Gesellschaftstheorie : Warum in der Spätmoderne die Verluste eskalieren
Der Soziologe Andreas Reckwitz geht in seinem neuen Buch der Frage nach, warum moderne Gesellschaften einst Verluste ignorierten - und warum sie nun eskalieren.
Es ist ein Wahlspruch für Verlierer - mit dem man aber das Weiße Haus gewinnen kann: "Make America Great Again" lautet das Motto von Donald Trump. Dahinter verbirgt sich die Vorstellung, dass die einstige Größe Amerikas verlorengegangen ist. Zu viele Jobs im Ausland, zu viele Illegale im Land, ein Wokeness-Exzess an den Universitäten und der "Deep State", der das alles geschehen lässt, wenn nicht gar bewusst steuert - fertig ist die populistisch-verschwörungstheoretische Erzählung eines Mannes, der das in den nächsten vier Jahren wieder ändern will. Mal wieder.
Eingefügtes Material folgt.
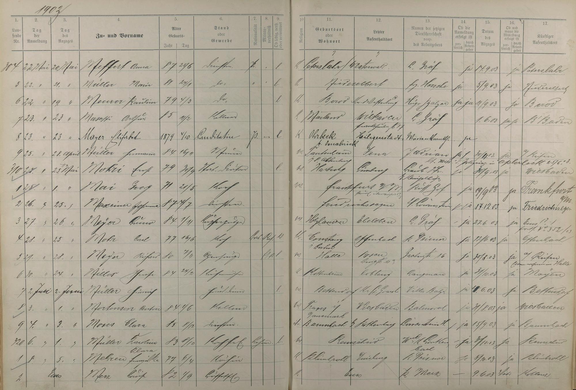 Melderegister der Gewerbegehilfen, Gesellen und Dienstboten 1902 - 1903
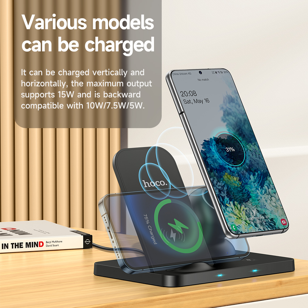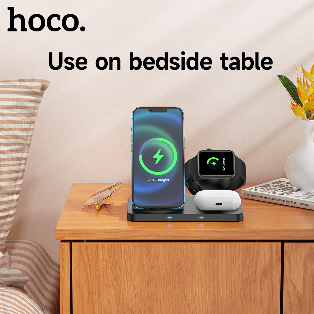 [NEW] HOCO Original Qi 3-in-1 Wireless Chargers 15W for iPhone 13 pro max Samsung S20 Xiaomi Fast Wireless Charging Dock Station Phone Holder for iPhone 12 11 pro max X XS XR 8plus

Für den Soziologen Andreas Reckwitz sind Trump und Co. klassische Beispiele für das "Verlustunternehmertum" in der Spätmoderne. Das sind Kräfte, die Verlusterfahrungen der vermeintlichen Verlierer bündeln und zum Gegenschlag auf die vermeintlichen Gewinner übergehen wollen. "Wir wollen euch scheitern sehen! Wir wollen euch weinen sehen" - das verlange die "populistische Rache" und das bedeute auch, eben jene Institutionen der liberalen Demokratie zu untergraben und zu zerstören, die die anderen so schätzten, wie der 54-Jährige wortgewaltig in seinem neuesten Bestseller ausführt. Sein Interesse ist es dabei, Populismus als "verlustbezogene Politik" einzubetten in einer größeren Theorie darüber, wie Moderne und Spätmoderne mit Verlusten umgehen.
Reckwitz: Moderne Gesellschaften zeigen überwiegend Ignoranz gegenüber Verlusten
Für die spätmoderne Gegenwart diagnostiziert Reckwitz nämlich eine "Verlusteskalation". Das gilt nicht nur für den Populismus, sondern beispielsweise auch für Wachstumskritik und die Klimabewegung, die Debatte um die Wiedervereinigung und die ehemalige DDR oder für Fragen rund um den Umgang mit der kolonialen Vergangenheit. Die eskalierenden Verluste sind allerdings erklärungsbedürftig, weil laut Reckwitz moderne Gesellschaften lange überwiegend Ignoranz gegenüber Verlusten gezeigt hatten und sie unsichtbar machten. Es regierte nämlich der "Fortschrittsimperativ", der Institutionen, Gesellschaft und jeden Einzelnen prägte. Wo es immer besser werden sollte, ja musste, da war wenig Raum (abseits der Kulturkritik), um Verluste, die es natürlich weiterhin gegeben hatte, anzuerkennen und zu bearbeiten.
Andreas Reckwitz:
Verlust.
Ein Grundproblem der Moderne.
Suhrkamp,
Berlin 2024;
463 Seiten, 32,00 Euro
Was Verluste soziologisch gesehen sind, wie (spät-)moderne Gesellschaften sie verhandeln, wie sich das seit den 1970ern dramatisch geändert hat und was nun getan werden könnte, um die Moderne zu retten, das schreibt Reckwitz auf mehr als 400 anspruchsvollen, aber gut lesbaren und interessanten Seiten nieder - und macht sich nach der "Gesellschaft der Singularitäten" einmal mehr zum Stichwortgeber des Gegenwartsdiskurses in Politik und Feuilleton.